Mountains

Cho Oyu Expedition: Kathmandu to Lhasa

Lhasa, Tibet, China – 12,065’

The expedition to Cho Oyu is in full swing, and I’m happy to report that the team is in good health and high spirits.  Well to be honest, we’re not that lively since most of us, myself included, are still addled by jetlag.  (Lhasa is on Beijing time, 12 hours ahead of EDT, though Cho Oyu basecamp will be on Nepal time, 9 hours and 45 minutes ahead of EDT.)  Despite the listless atmosphere that permeates dinner, we’ve gotten to know each other a bit and are settling into society that will be our only company for our four weeks on the mountain.

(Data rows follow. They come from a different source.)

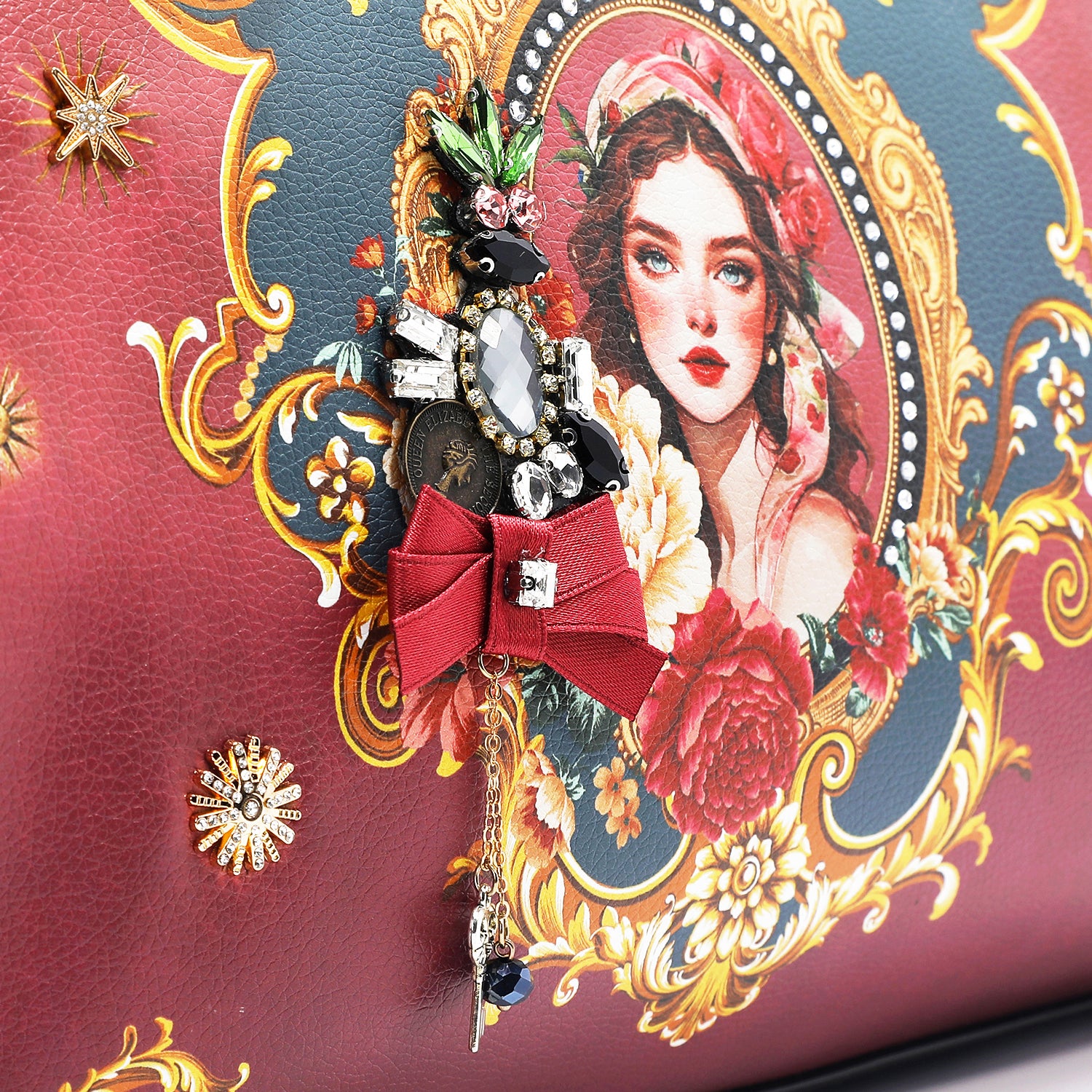 - Front is embellished with stones, bow and tassel charm details
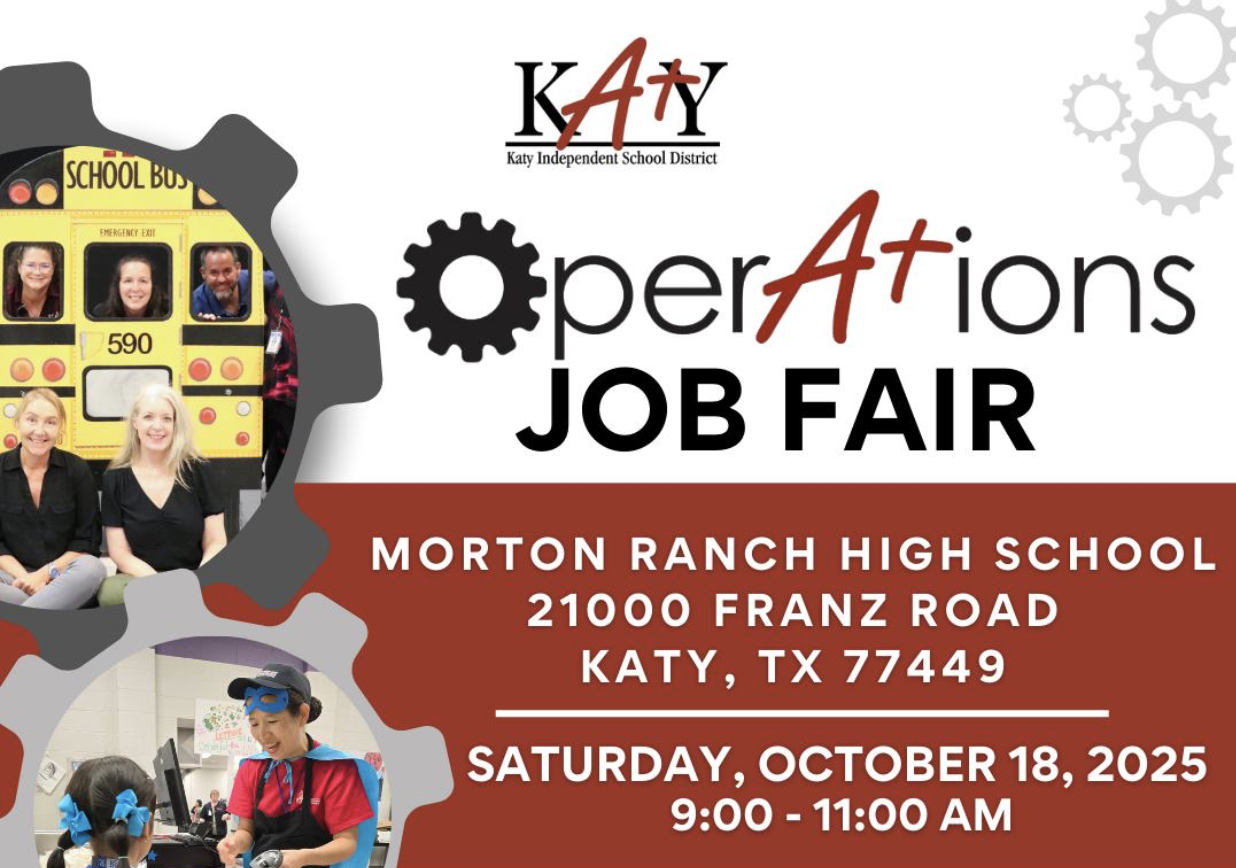 Looking for a job in Katy, TX? Come explore dozens of immediate job openings at the Katy ISD Operations Job Fair, taking place Saturday, October 18 at Morton Ranch High School. As the no. 1-ranked public school district in the Houston area, Katy ISD is hiring for full- and part-time positions in multiple departments that support its students, staff, and campuses.
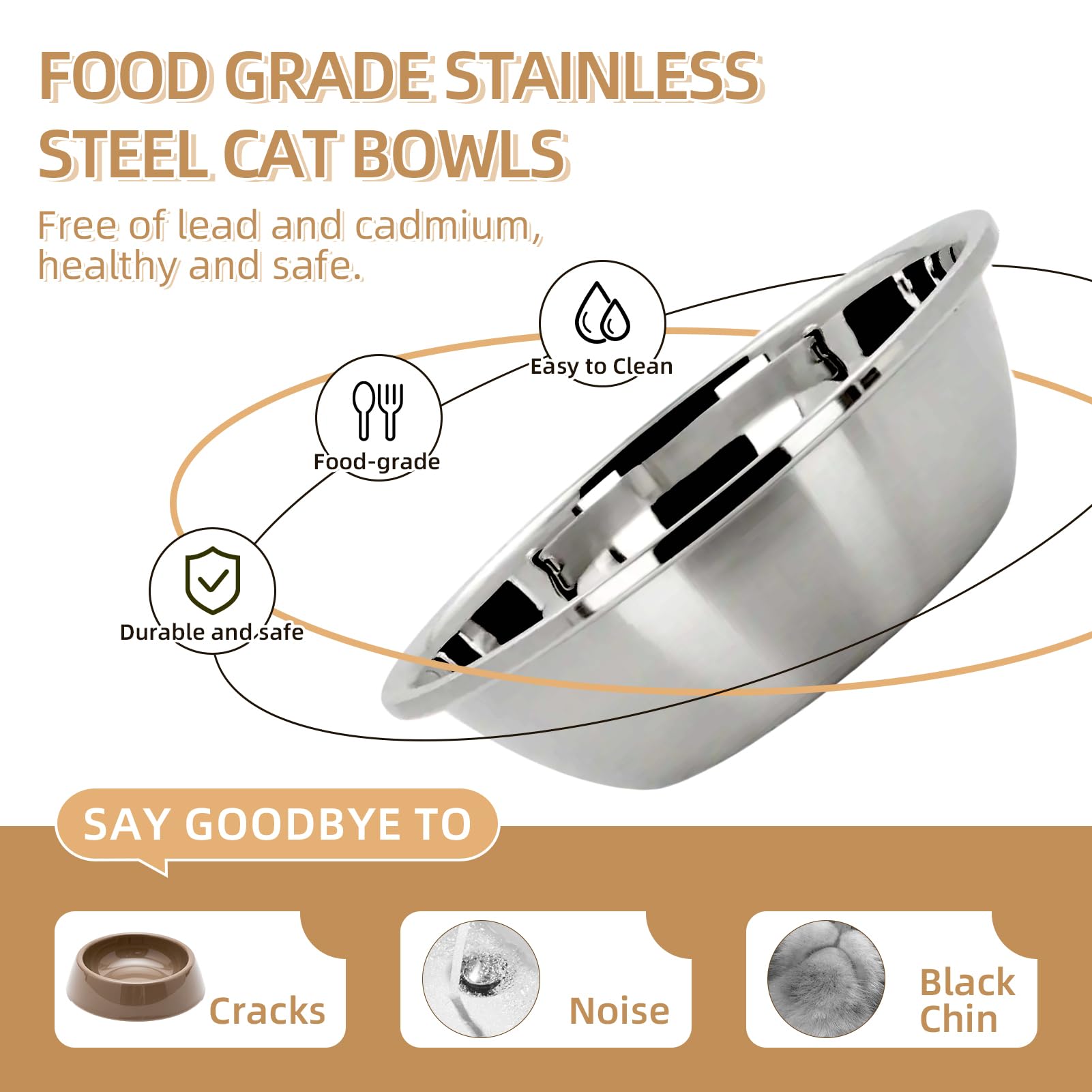 • 【Stylish and Easy to Clean】Made from durable stainless steel and paired with a modern stand, this cat bowl set looks great in any home. Both bowls are dishwasher safe and easily removable, making daily cleanup quick and convenient for cat owners.
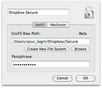 The first time you run DropSec it will prompt you for your EncFS password which it stores in your local login keychain. The password must match the secure password you set in a previous step.
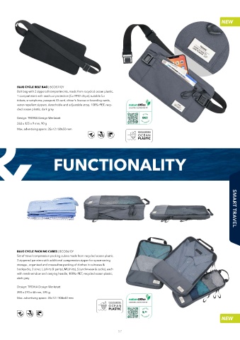water-repellent zippers, detachable and adjustable strap, 100% rPET, recy-
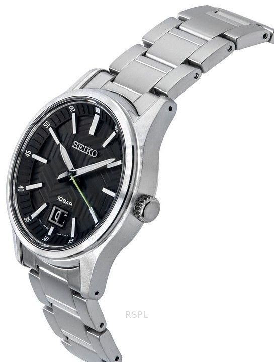 Seiko Analog Stainless Steel Black Dial Quartz SUR535 SUR535P1 SUR535P 100M Men’s Watch
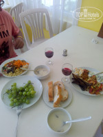 Питание - раздолье для вегетарианцев. Мясные продукты выдавались только на ужин. Один раз повар готовил шаурму, один раз рыбу и каждый вечер какая-нибудь часть курицы: крылышки на мангале, грудка с овощами, жареные голени. Хочу отметить очень вкусные супы. Каждый день разные: суп-пюре, овощные. Отсутствие мяса восполняли баклажанами в разных вариантах. Просто вкусно пожаренные, салаты с баклажанами, икра и горячее из них же. Голодными не ходили.
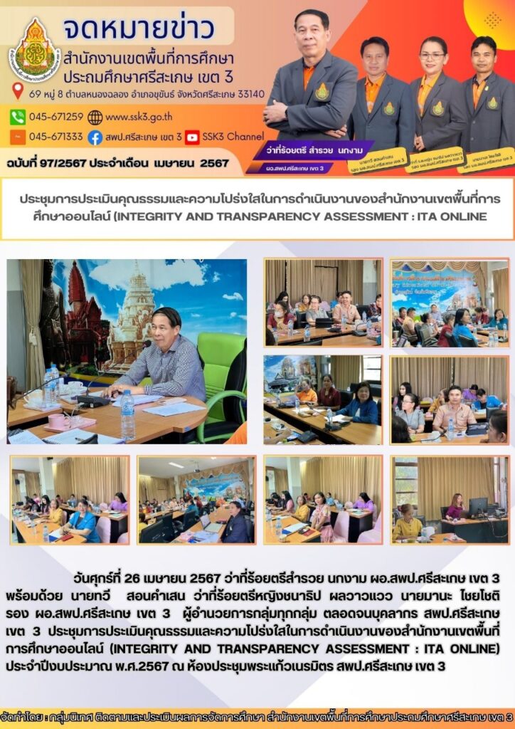ประชุมการประเมินคุณธรรมและความโปร่งใสในการดำเนินงานของสำนักงานเขตพื้นที่การศึกษาออนไลน์ (INTEGRITY AND TRANSPARENCY ASSESSMENT : ITA ONLINE พฤษภาคม 8, 2024 Last updated : พฤษภาคม 8, 2024 Phakjerawan wayophat
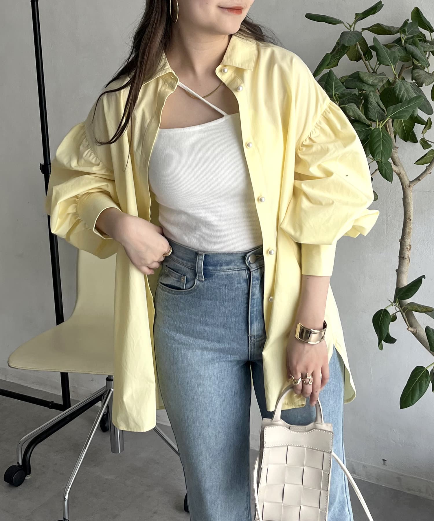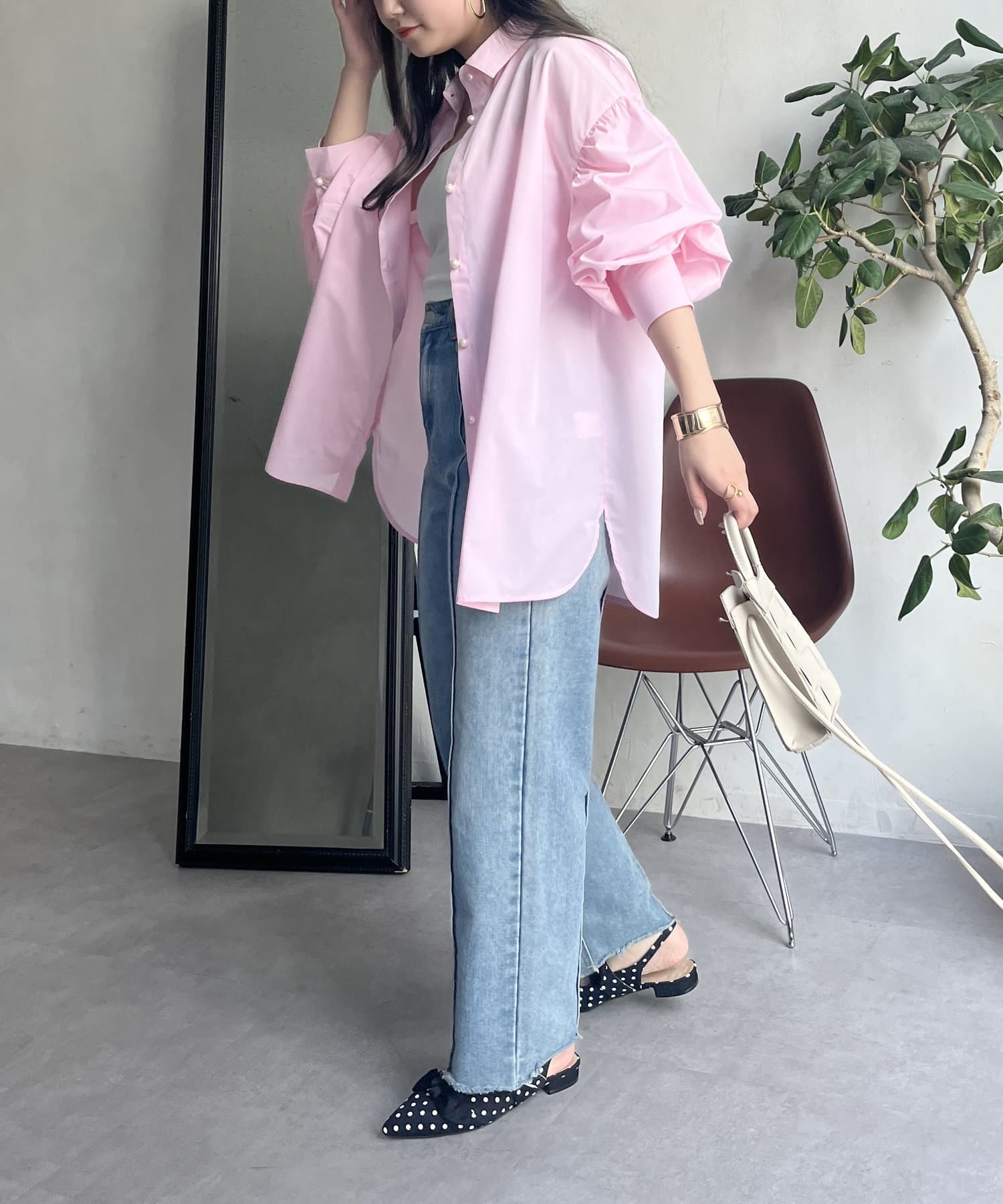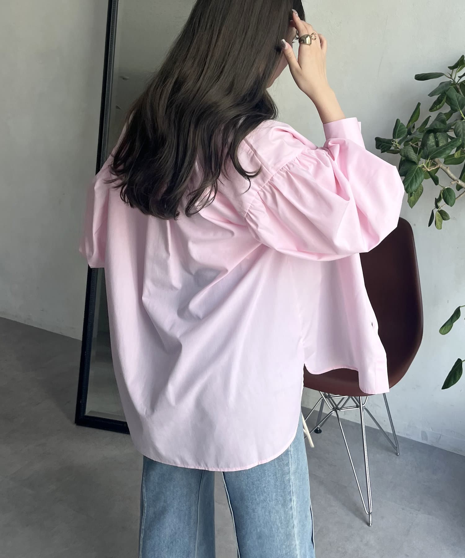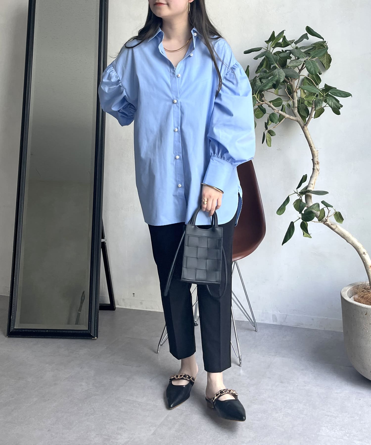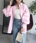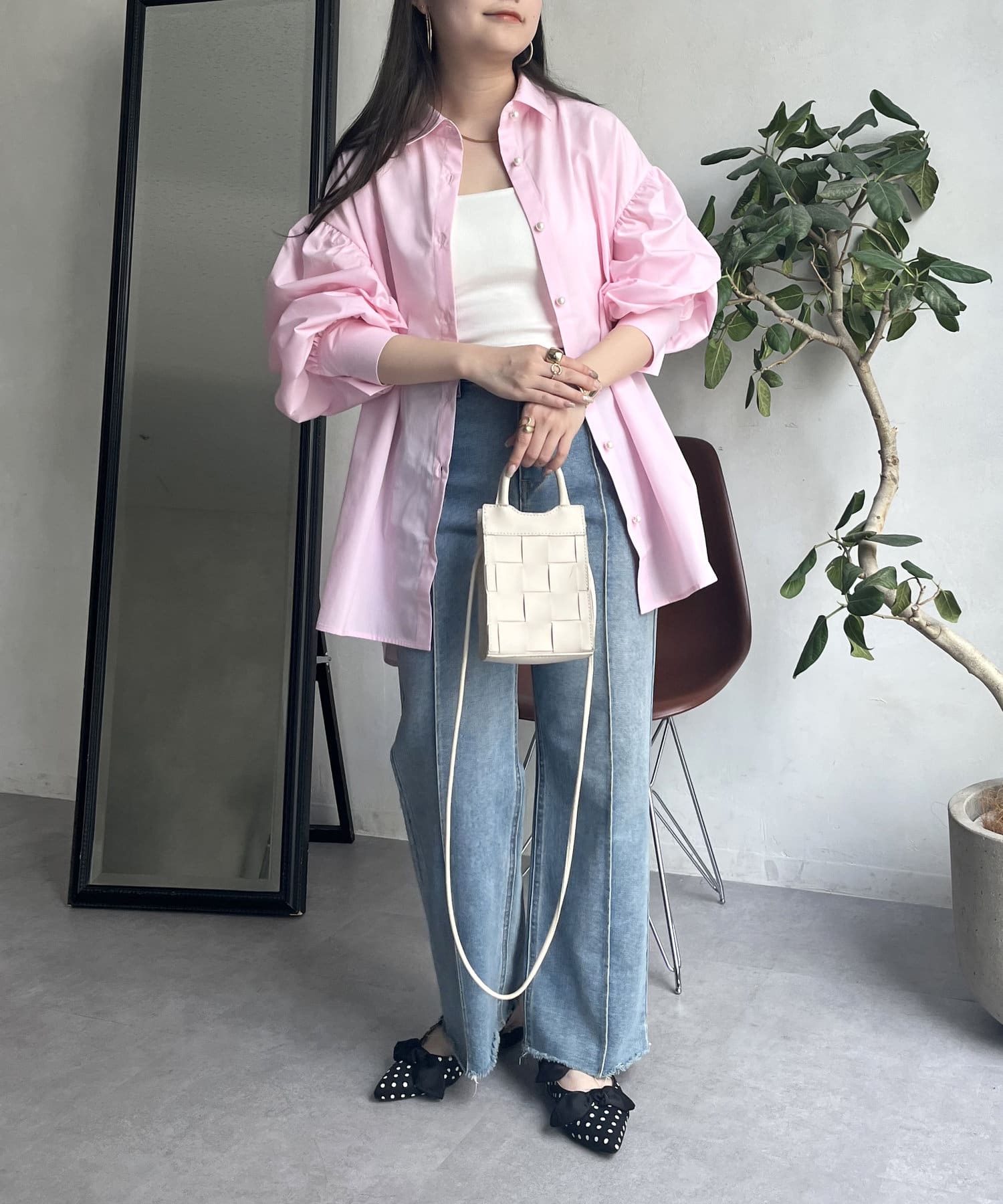パールボタン袖ボリュームシャツ
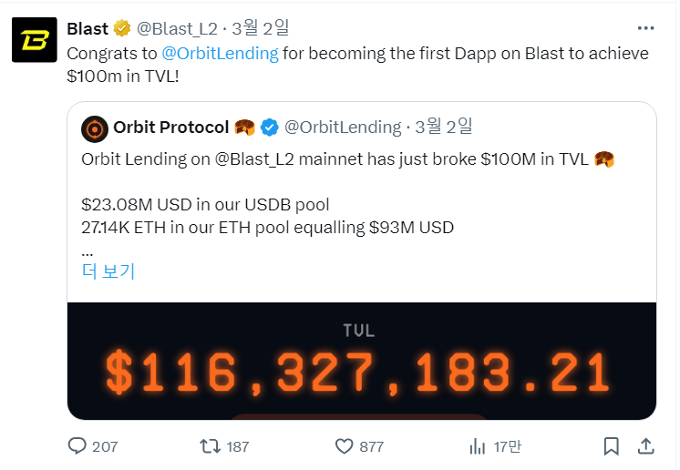Blast 공식 X 계정에서 dapp들 중 처음으로 100m TVL 달성했다고 축하한다고 글을 작성했더군요.
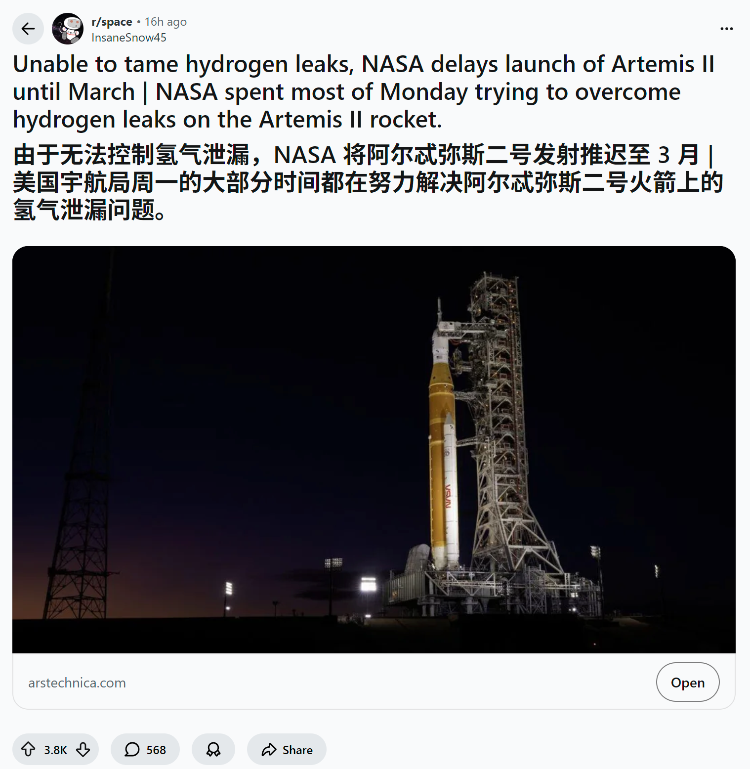 reddit热议 美国人怎么看由于无法控制氢气泄漏,NASA 将阿尔忒弥斯二号发射推迟至 3 月
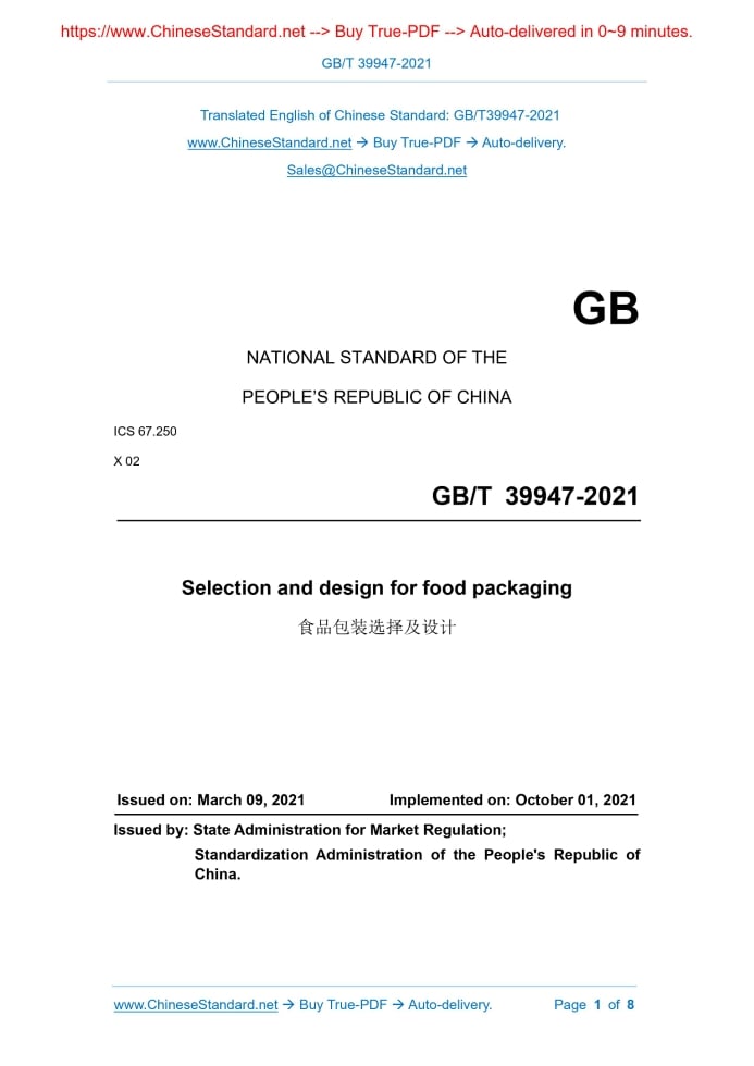 GB/T 39947-2021: Selection and design for food packaging Delivery: 9 seconds. True-PDF full-copy in English & invoice will be downloaded + auto-delivered via email. See step-by-step procedure Status: Valid
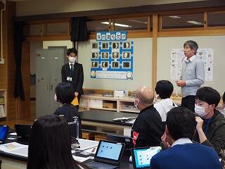 理科室に教員が集まり研修開始 グループごとに課題の送付・提出の手順を体験

On Tuesday, after nearly twenty-four hours of travel, I reached Kathmandu from New York City.  The frenzy of preparing and packing and traveling melted away, and my world got smaller.  Mountaineering requires an intense focus on the elements that will help you sustain your life in an unforgiving and inhospitable environment.  In the months leading up to this trip I addressed the foundational prerequisites for success at high altitude: implementing and executing a training regimen, repairing or purchasing gear, and researching the types of challenges I am likely to face.  Now in Nepal, it was time to focus on the minutia that would continue to sustain me for the expedition, whether purchasing a spare watch battery or a calling back home.

Kathmandu Streets

For two days I wandered the frenetic streets of Kathmandu doing these errands, large and small, in an effort to put me at ease so that I could meet the challenges to come.  This quest played itself out on a maze of cobble stone streets that resemble those of Florence with a few notable differences:  the ubiquitous clothing stores hawk knock off climbing gear, not the dernier cri; the scooters, while just as plentiful as in Italy, contribute to a persistent noxious cloud of exhaust and dust; and, of course, Catholic iconography has been replaced with that of Hinduism and Buddhism.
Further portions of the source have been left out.